(Stored entries)
Segment Open
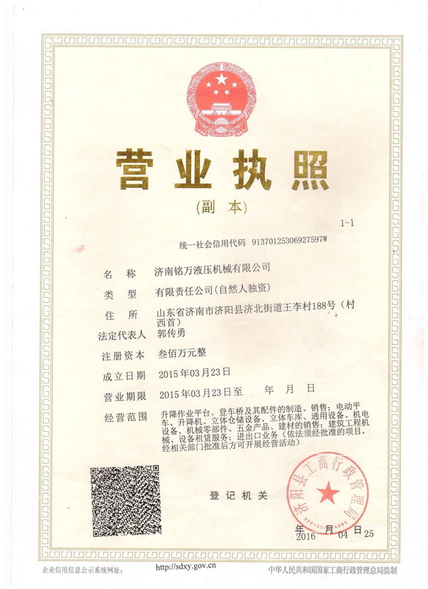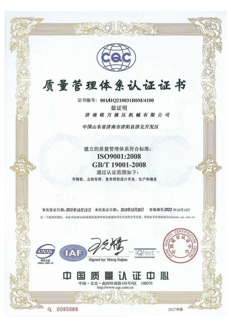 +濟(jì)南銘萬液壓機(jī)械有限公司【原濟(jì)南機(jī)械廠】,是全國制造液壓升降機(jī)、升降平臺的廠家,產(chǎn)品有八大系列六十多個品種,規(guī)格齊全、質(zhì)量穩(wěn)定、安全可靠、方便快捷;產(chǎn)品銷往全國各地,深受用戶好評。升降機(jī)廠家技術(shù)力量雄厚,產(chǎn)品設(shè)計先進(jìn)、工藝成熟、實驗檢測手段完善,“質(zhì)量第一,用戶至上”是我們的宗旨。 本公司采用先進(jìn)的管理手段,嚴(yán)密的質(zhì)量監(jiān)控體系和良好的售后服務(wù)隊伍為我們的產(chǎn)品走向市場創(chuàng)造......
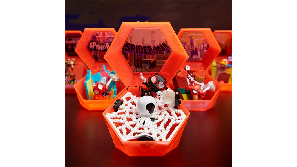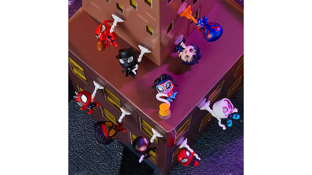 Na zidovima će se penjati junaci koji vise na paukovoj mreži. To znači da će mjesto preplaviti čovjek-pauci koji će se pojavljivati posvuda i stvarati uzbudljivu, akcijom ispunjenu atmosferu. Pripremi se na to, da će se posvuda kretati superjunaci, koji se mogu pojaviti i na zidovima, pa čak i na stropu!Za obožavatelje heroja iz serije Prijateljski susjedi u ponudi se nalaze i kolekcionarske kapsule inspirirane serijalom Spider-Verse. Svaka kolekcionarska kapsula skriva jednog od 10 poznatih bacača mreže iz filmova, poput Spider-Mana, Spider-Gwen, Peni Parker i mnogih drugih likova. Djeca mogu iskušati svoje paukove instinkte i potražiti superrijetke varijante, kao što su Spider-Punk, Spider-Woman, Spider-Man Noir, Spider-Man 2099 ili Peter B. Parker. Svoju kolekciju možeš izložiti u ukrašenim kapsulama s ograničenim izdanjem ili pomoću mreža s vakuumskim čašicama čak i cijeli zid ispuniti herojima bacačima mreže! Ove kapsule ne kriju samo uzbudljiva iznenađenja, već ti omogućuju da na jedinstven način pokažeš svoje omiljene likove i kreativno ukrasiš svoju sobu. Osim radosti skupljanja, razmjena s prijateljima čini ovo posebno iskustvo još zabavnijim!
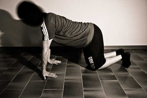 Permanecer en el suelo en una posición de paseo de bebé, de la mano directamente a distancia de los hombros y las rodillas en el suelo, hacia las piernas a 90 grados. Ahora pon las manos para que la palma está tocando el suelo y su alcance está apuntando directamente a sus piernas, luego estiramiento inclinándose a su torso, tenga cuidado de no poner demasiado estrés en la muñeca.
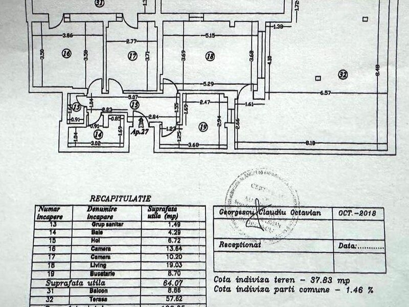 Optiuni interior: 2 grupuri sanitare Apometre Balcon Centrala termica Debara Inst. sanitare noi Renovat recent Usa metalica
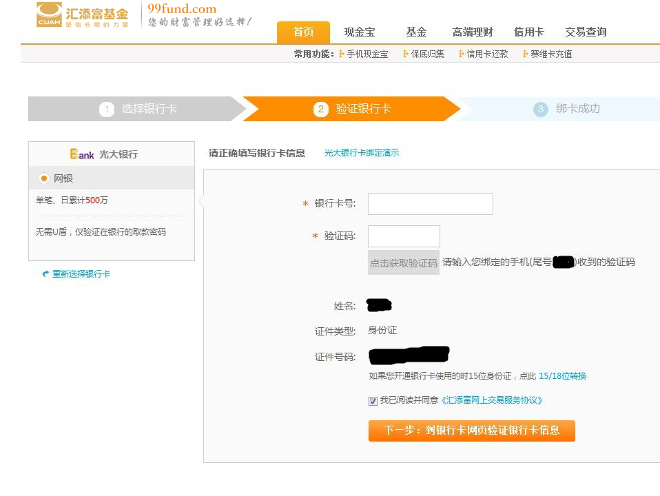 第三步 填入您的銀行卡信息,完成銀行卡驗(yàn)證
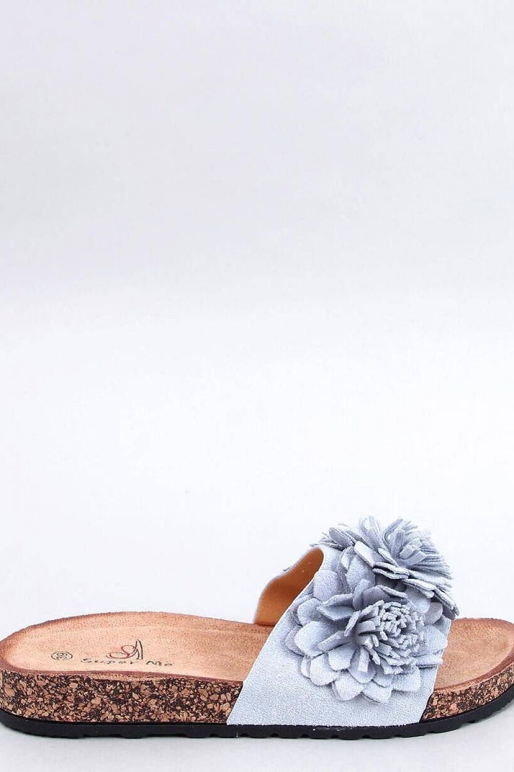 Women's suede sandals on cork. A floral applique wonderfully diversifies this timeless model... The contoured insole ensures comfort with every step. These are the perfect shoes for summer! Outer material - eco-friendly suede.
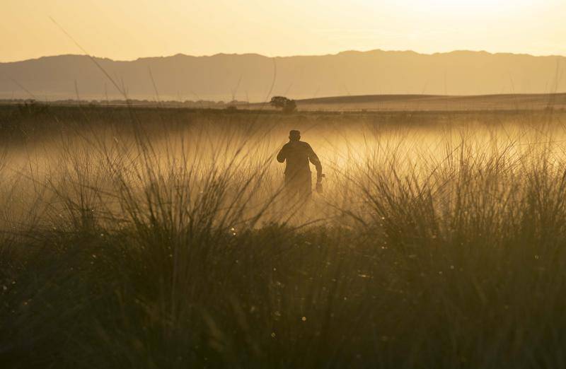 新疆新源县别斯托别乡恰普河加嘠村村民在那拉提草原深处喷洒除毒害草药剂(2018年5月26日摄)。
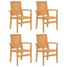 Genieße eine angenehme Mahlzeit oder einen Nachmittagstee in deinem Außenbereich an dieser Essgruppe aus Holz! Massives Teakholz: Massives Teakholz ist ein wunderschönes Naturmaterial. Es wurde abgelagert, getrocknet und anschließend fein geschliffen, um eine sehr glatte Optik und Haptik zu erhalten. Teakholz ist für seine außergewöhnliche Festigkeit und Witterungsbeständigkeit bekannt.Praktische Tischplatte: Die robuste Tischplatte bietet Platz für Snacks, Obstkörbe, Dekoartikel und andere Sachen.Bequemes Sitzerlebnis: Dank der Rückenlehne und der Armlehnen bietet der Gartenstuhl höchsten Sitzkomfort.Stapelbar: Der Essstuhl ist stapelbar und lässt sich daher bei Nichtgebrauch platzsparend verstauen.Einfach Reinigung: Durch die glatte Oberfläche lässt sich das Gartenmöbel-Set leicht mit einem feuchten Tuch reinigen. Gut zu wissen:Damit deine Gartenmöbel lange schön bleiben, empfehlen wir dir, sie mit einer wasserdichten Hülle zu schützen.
Segment Closed
Final stretch of the data: repeat exactly each line from the one containing "Women's suede sandals" through the last, and omit all pictures.

 Women's suede sandals on cork. A floral applique wonderfully diversifies this timeless model... The contoured insole ensures comfort with every step. These are the perfect shoes for summer! Outer material - eco-friendly suede.
 新疆新源县别斯托别乡恰普河加嘠村村民在那拉提草原深处喷洒除毒害草药剂(2018年5月26日摄)。
 Genieße eine angenehme Mahlzeit oder einen Nachmittagstee in deinem Außenbereich an dieser Essgruppe aus Holz! Massives Teakholz: Massives Teakholz ist ein wunderschönes Naturmaterial. Es wurde abgelagert, getrocknet und anschließend fein geschliffen, um eine sehr glatte Optik und Haptik zu erhalten. Teakholz ist für seine außergewöhnliche Festigkeit und Witterungsbeständigkeit bekannt.Praktische Tischplatte: Die robuste Tischplatte bietet Platz für Snacks, Obstkörbe, Dekoartikel und andere Sachen.Bequemes Sitzerlebnis: Dank der Rückenlehne und der Armlehnen bietet der Gartenstuhl höchsten Sitzkomfort.Stapelbar: Der Essstuhl ist stapelbar und lässt sich daher bei Nichtgebrauch platzsparend verstauen.Einfach Reinigung: Durch die glatte Oberfläche lässt sich das Gartenmöbel-Set leicht mit einem feuchten Tuch reinigen. Gut zu wissen:Damit deine Gartenmöbel lange schön bleiben, empfehlen wir dir, sie mit einer wasserdichten Hülle zu schützen.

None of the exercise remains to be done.